YouTopics

08 Mar 2019

Overview

YouTopics allows the user to quickly analyze the relevance of a YouTube video. Given a user-generated list of keywords representing a topic, YouTopics measures the similarity between the user’s topic and a youtube video’s topic.

Motivation

YouTube has a lot of information that can be analyzed with natural language processing thanks to transcripts and auto-generated captions. Despite its popularity, I was unable to find example projects working with this information and so it appears youtube is a largely untouched trove of human communication waiting to be processed.

Final Product

Image test YouTopics was built to be a web app, but the word embeddings file is too large to be hosted by services like Heroku and Google’s app engine. I can host it by opening up an AWS server. If I end up doing so a link will be posted here.

Approach

My idea is to extract a summary of the transcripts or captions and then provide an appropriate topic label. The go-to topic models are LDA - and SVD -.

LDA:

LDA takes a collection of documents and with an assumed number of topics, assumed distribution of topics across documents and assumed distribution of words across topics, generates, based on probability, a collection of words representing topics. Intuitively, given the high variance of topics and distributions across billions of videos, LDA won’t generalize well with so many assumptions.

SVD

I actually really like SVD, which is also known as the fundamental theorem of linear algebra. It’s the base technique for many analytical methods. When applied to NLP it is often referred to as LSA-Latent Semantic Analysis. SVD takes a matrix, in this case, a term by document matrix, and decomposes it into three matrices, a term by topics, topic by topic and topic by doc matrix. Once again, however, the number of topics is guessed or assumed.

Both methods take a sample of documents to generate word lists representing topics. Finding a sample large enough to generalize these models to all of YouTube would be impractical. So, I came up with a different approach.

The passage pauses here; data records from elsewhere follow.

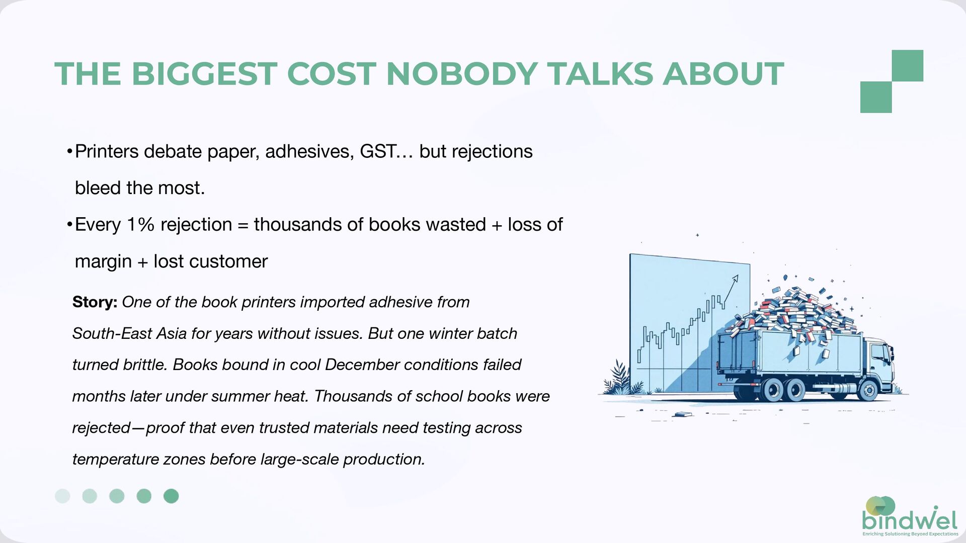 GST… but rejections bleed the most. •Every 1% rejection = thousands of books wasted + loss of margin + lost customer Story: One of the book printers imported adhesive from South-East Asia for years without issues. But one winter batch turned brittle. Books bound in cool December conditions failed months later under summer heat. Thousands of school books were rejected—proof that even trusted materials need testing across temperature zones before large-scale production.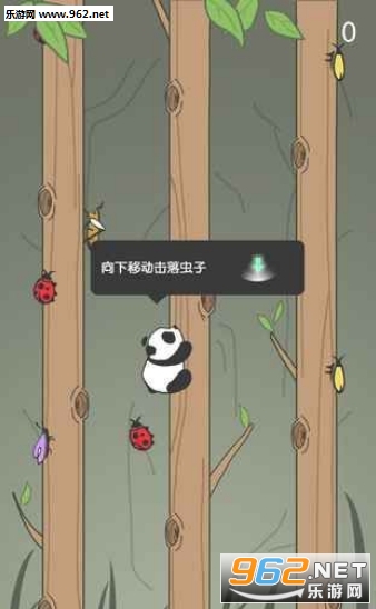1,熊猫会不断地向上爬树,随着游戏进度拉长,虫子会越来越多,碰到虫子就会从树上掉落哦;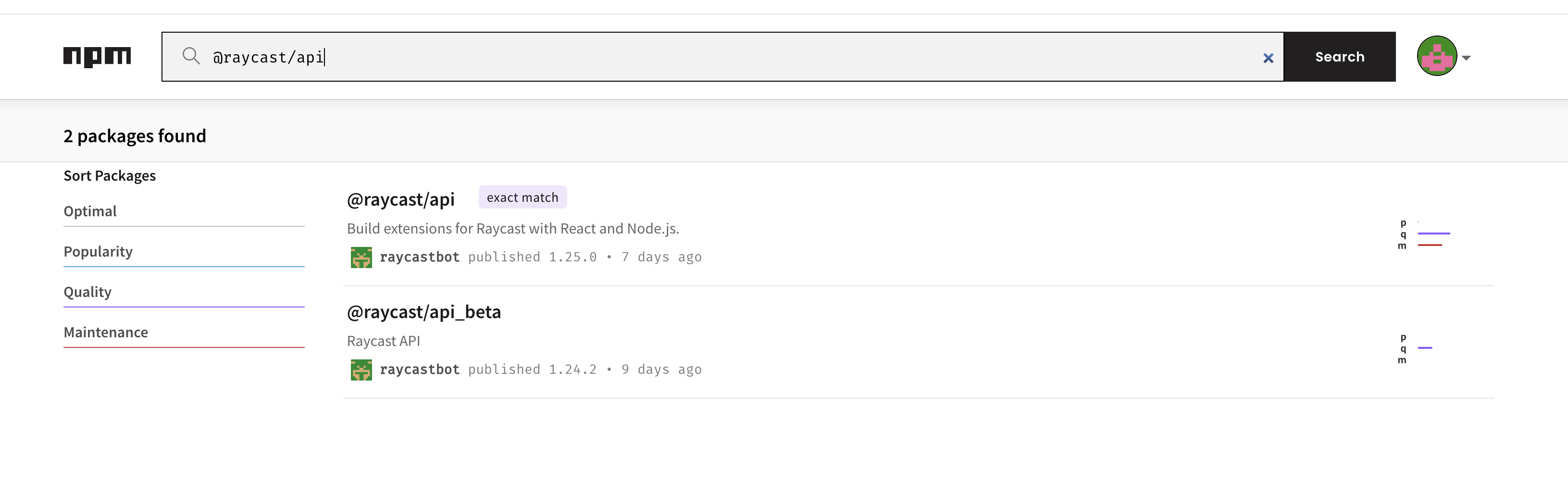 The search is based on npms.io which also does not return any results for that query, see https://npms.io/search?q=%40raycast%2Fapi Perhaps the special chars need to be escaped.. |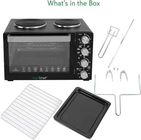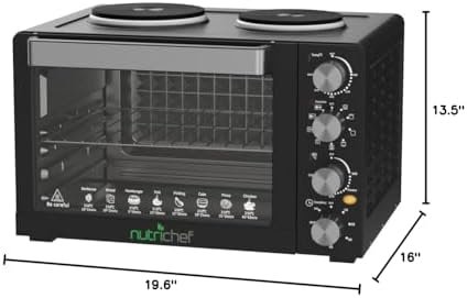 NutriChef 30 Quart Kitchen Convection Oven & 2 Burner Cooker – 1500 Watt Oven – 7 Cook Functions Rotisserie, Cook, Bake, Broil & More – Includes Baking Tray, Skewers & Handles – 19.6 x 16.0 x 13.5 IN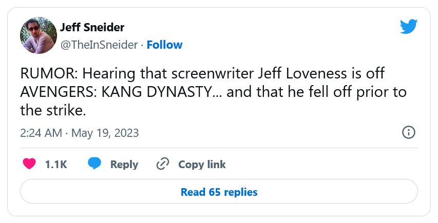 Un départ qui aurait été acté avant la grève massive des scénariste de Hollywood. Co-scénariste d'Ant-Man et la Guêpe : Quantumania, Loveness avait pourtant été la cible d'éloges par David Dastmalchian, Veb dans Quantumania. Il n'avait pas caché son enthousiasme à l'idée que Loveness soit le scénariste d'Avengers : The Kang Dynasty.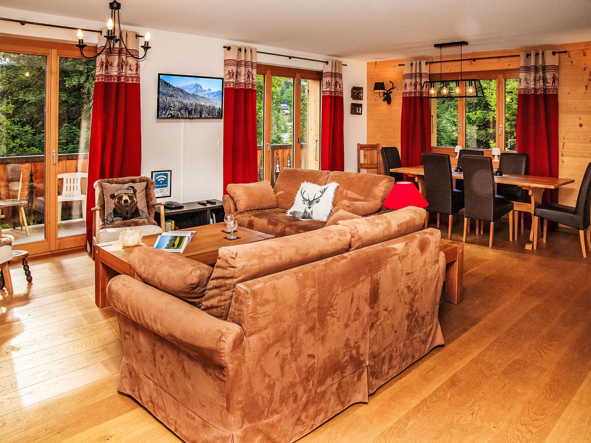 Four carefully appointed bedrooms accommodate up to nine guests across the property’s multiple levels. The master suite features a luxurious French bed and private shower room with direct access to a west-facing balcony. Two twin bedrooms on the lower ground floor each offer garden access and private bathrooms, while the upper-level bedroom with three single beds provides flexible accommodation for families or groups. Every room captures views of the surrounding forest, creating a sense of complete immersion in the alpine environment.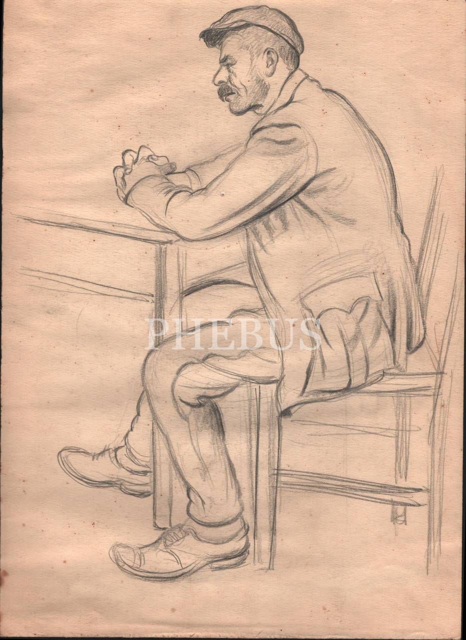 Şeref Akdik´ten kağıt üzerine karakalem köylü figür çizimi, 27x38 cm, imzasız

Considering the outcome of LDA and SVD is just a list of keywords representing a topic and the python library Gensim has a built-in TextRank algorithm that extracts keywords for a given document. I used these keywords to represent topics and I then assign a label based on the similarity of the keywords with pre-established topic keywords. I used pre-trained word vectors to compute this similarity.

Word Vectors

Word2Vec and GLoVe word embedding map words to vector space where the distance between words relates semantic similarity. With Word2Vec, the semantic similarity is computed by taking the parameters from a neural network prediction of surrounding words. GloVe uses a more direct approach, GloVe’s objective is to predict the log probability of word occurrence across the whole corpus. GloVe’s approach produces generally better results than Word2Vec, though it is more difficult to train. Since I am going to using pre-trained models anyway, I decided to use GloVe.

I have determined a method to extract keywords and compare them. The last step is to extract a summary. NLP summary methods are divided into extractive and abstractive methods. Abstraction uses a lot of computing power to make new summary sentences. I prefer the extraction method, which forms summaries by just pulling important sentences from the document. It effectively conveys the same meaning while using less computing power. Gensim has an inbuilt summarizer based on BM25 along with TextRank.

TextRank

Is the same algorithm as PageRank, assigns rank based on the unique number of links. In TextRank, links are words in immediate proximity.

BM25

Ranks sentences based on the inverse frequency and frequency of keywords from TextRank. BM25 is still obscure to me but it seems intuitively linked to the idea information entropy. A sentence value is based not just on the frequency of keywords, but the information value the keywords have in the sentence. Regardless, the results pass the eye test.

The next step is to extract the transcripts from youtube. This can be done through the youtube API. There is always a kind soul in the python communities who will implement a python version of popular API’s. In this case, I found PyTube.

PyTube

Works great. Thanks, stranger.Link to the repo

Future Work

Add a database storage function for user-defined topics. Then apply a database of topics for more robust topic analysis. Add multi-topic analysis functionality.